Background: Cereal storage proteins represent one of the most important sources of protein for food and feed and they are coded by multigene families. The expression of the storage protein genes exhibits a temporal fluctuation but also a response to environmental stimuli. Analysis of temporal gene expression combined with genetic variation in large multigene families with high homology among the alleles is very challenging.

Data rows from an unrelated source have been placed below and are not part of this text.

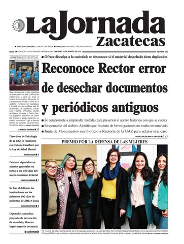 n DIRECTORA GENERAL: CARMEN LIRA SAADE n DIRECTOR: RAYMUNDO CÁRDENAS VARGAS n ZACATECAS, ZACATECAS l AÑO 5 l NÚMERO 5401 l VIERNES 15 DE MARZO DE 2019
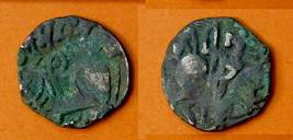 | Description / विवरण | Descrpn./Obv Recumbent bull facing left, wearing jhula (saddle cloth), with trisula (trident) symbol on rump. Above, legend in Sarada script Sri Samantadeva . Descrpn./Rev Rider with lance on caparisoned horse facing right. On left, Sarada letter bhi and on right, Sarada letter ta |
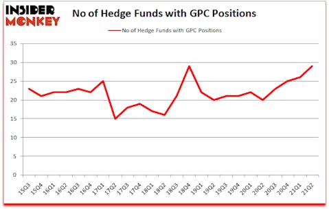 Genuine Parts Company (NYSE:GPC) has experienced an increase in hedge fund interest of late. Genuine Parts Company (NYSE:GPC) was in 29 hedge funds’ portfolios at the end of the second quarter of 2021. The all time high for this statistic is 29. This means the bullish number of hedge fund positions in this stock currently sits at its all time high. There were 26 hedge funds in our database with GPC positions at the end of the first quarter. Our calculations also showed that GPC isn’t among the 30 most popular stocks among hedge funds (click for Q2 rankings).
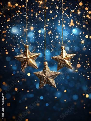 Wall mural abstract christmas background with falling snowflakes and sparkling stars on blue background with em - Wall murals Wall mural abstract christmas background with falling snowflakes and sparkling stars on blue background with em - Wall murals
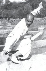 Another famous product of this early period is Lu Zhen Duo. Lu Zhen Duo practiced traditional Chinese medicine, made his living as a martial arts instructor and was the head of security for a convoy service. Born in 1903 in Hebei’s Cangzhou Prefecture, Lu began training at age seven with Yang Kunshan. (Yang was a disciple of Chen Guangzhi, who studied under 2nd-generation Mizong master Chen Shan). Yang was impressed with Lu’s outstanding character and physical abilities and eventually accepted Lu as a formal disciple and entrusted him with his entire knowledge of Mizong Quan, and Qingping swordsmanship, as well as Yang Style Tai Chi. Lu traveled extensively throughout China to sharpen his skills and exchange techniques with other famous masters. Among the lasting friendships formed was one with Li Jinling, a well-known Taoist sword expert. He participated in many no-holds-barred contests, pitting his skills against the best of his generation. He became famous for knocking out opponents with iron-palm strikes.
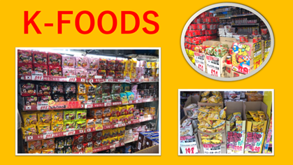 신주쿠점 매장 전면의 한국식품 매대에는 한국 김, 불닭볶음면, 옥수수수염차, 허니버터아몬드 등 잘 알려진 인기제품을 비롯해 다양한 종류의 상품이 진열돼 있다. 신오쿠보 인근에 거주하는 한국인들이 방문하는 경우도 있지만 신오쿠보를 찾은 10~20대가 한국 드라마나 영화에 나오는 제품을 찾는 경우도 많다.
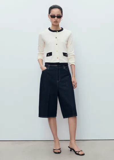 MANGO Contrasting Cotton Cardigan Ecru In White
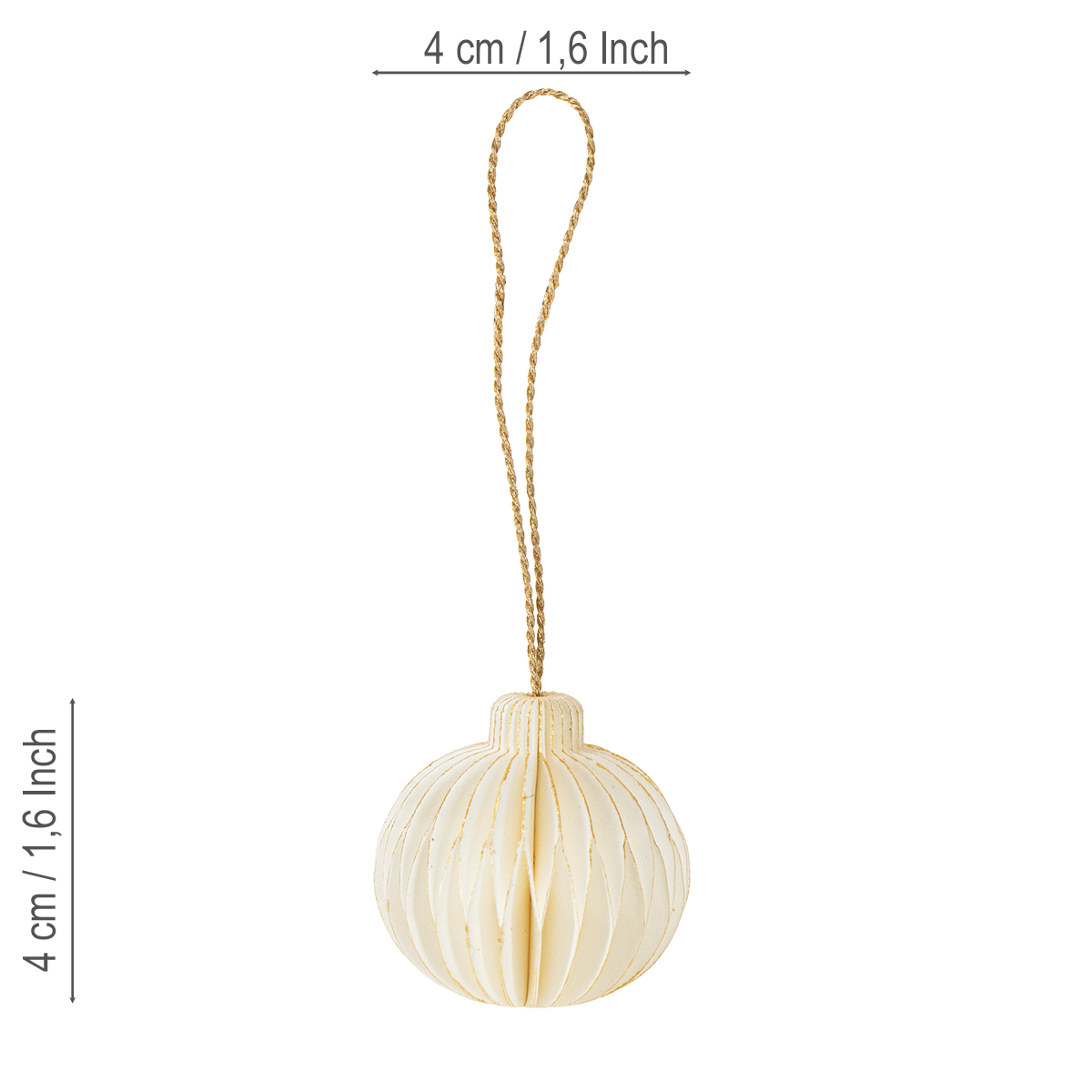 Bringen Sie nordischen Charme und zeitlose Eleganz in Ihre Weihnachtsdeko! Unser Baumschmuckset aus weißem Wabenpapier mit edlem Goldrand verleiht jedem Raum die perfekte festliche Note. Mit einer Größe von 4 cm sind die sechs Hänger ideal für kleinere Weihnachtsbäume, Tischdekorationen oder als originelle Geschenkverzierungen.
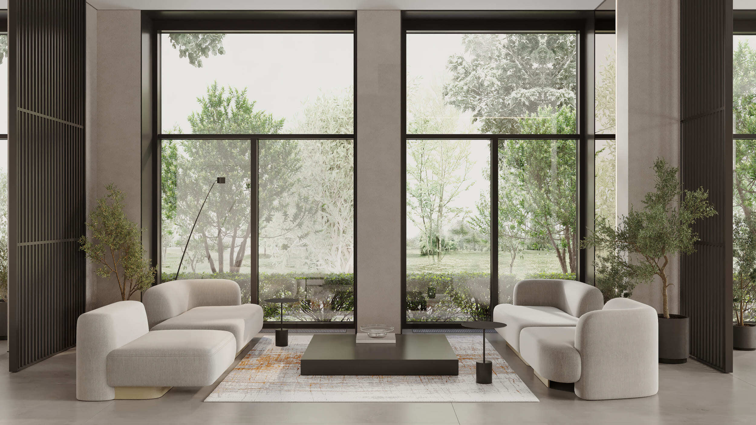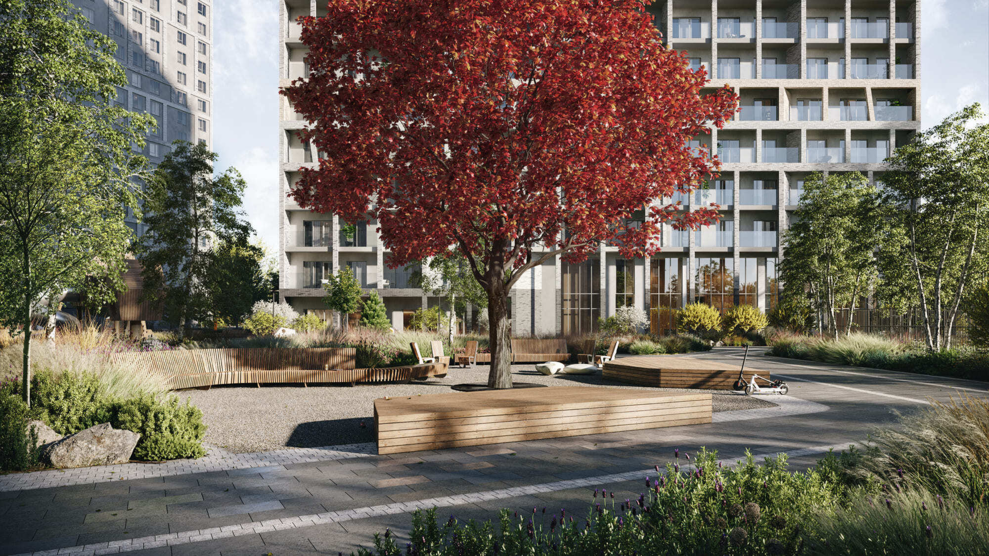 В Forst много необработанных каменных поверхностей, а на территории высажены преимущественно северные растения — канадская ирга, горная сосна, приречный клен. А в центре двора — раскидистое дерево, напоминающее древо жизни Иггдрасиль из скандинавской мифологии.
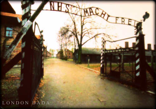 “NHS MACHT FREI” ( The NHS sets you free ) in memory of innocent victims.
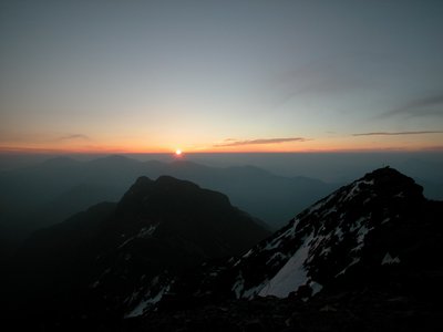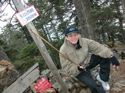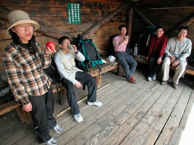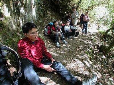 經過了又臭又長的山路後,曜成有抽筋的現像,還好有擦勞滅的幫忙,到排雲山莊之前都撐過去了。莊主分了床位後看看時間還早,於是就決定攻西峰。西峰雖說只有2.2公里,但是路跡不明顯,而且上上下下的,路上還有很多的箭竹林,一不注意就會走錯路,加上已經走了六個多小時的路,到了西峰頂時幾乎已經到了體力的極限,而這裡風大又沒有視野,所以拍了照片稍作休息後就趕快下山,以免走夜路,回到排雲時大家都不行了。
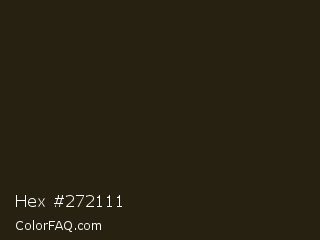 Hex #272111 Color is a very dark orange color and the nearest color is Oil #281e15. Hex code #272111 and RGB value is rgb(39,33,17). In RGB color space, this color is composed of 15% red, 13% green, 7% blue, In CMYK color space, this color is composed of 0% cyan, 15% magenta, 56% yellow , 85% black , In HSL color space, this color has a hue angle of 44° , 39% saturation and 11% lightness.

Results: We designed a rapid qRT-PCR system with the aim of characterising the variation in the expression of hordein genes families. All the known D-, C-, B-, and γ-hordein sequences coding full length open reading frames were collected from commonly available databases. Phylogenetic analysis was performed and the members of the different hordein families were classified into subfamilies. Primer sets were designed to discriminate the gene expression level of whole families, subfamilies or individual members. The specificity of the primer sets was validated before successfully applying them to a cDNA population derived from developing grains of field grown Hordeum vulgare cv. Barke. The results quantify the number of moles of transcript contributed to a particular gene family and its subgroups. More over the results indicate the genotypic specific gene expression.
Conclusions: Quantitative RT-PCR with SYBR Green labelling can be a useful technique to follow gene expression levels of large gene families with highly homologues members. We showed variation in the temporal expression of genes coding for barley storage proteins. The results imply that our rapid qRT-PCR system was sensitive enough to identify the presence of alleles and their expression profiles. It can be used to check the temporal fluctuations in hordein expressions or to find differences in their response to environmental stimuli. The method could be extended for cultivar recognition as some of the sequences from the database originated from cv. Golden Promise were not expressed in the studied barley cultivar Barke although showed primer specificity with their cloned DNA sequences.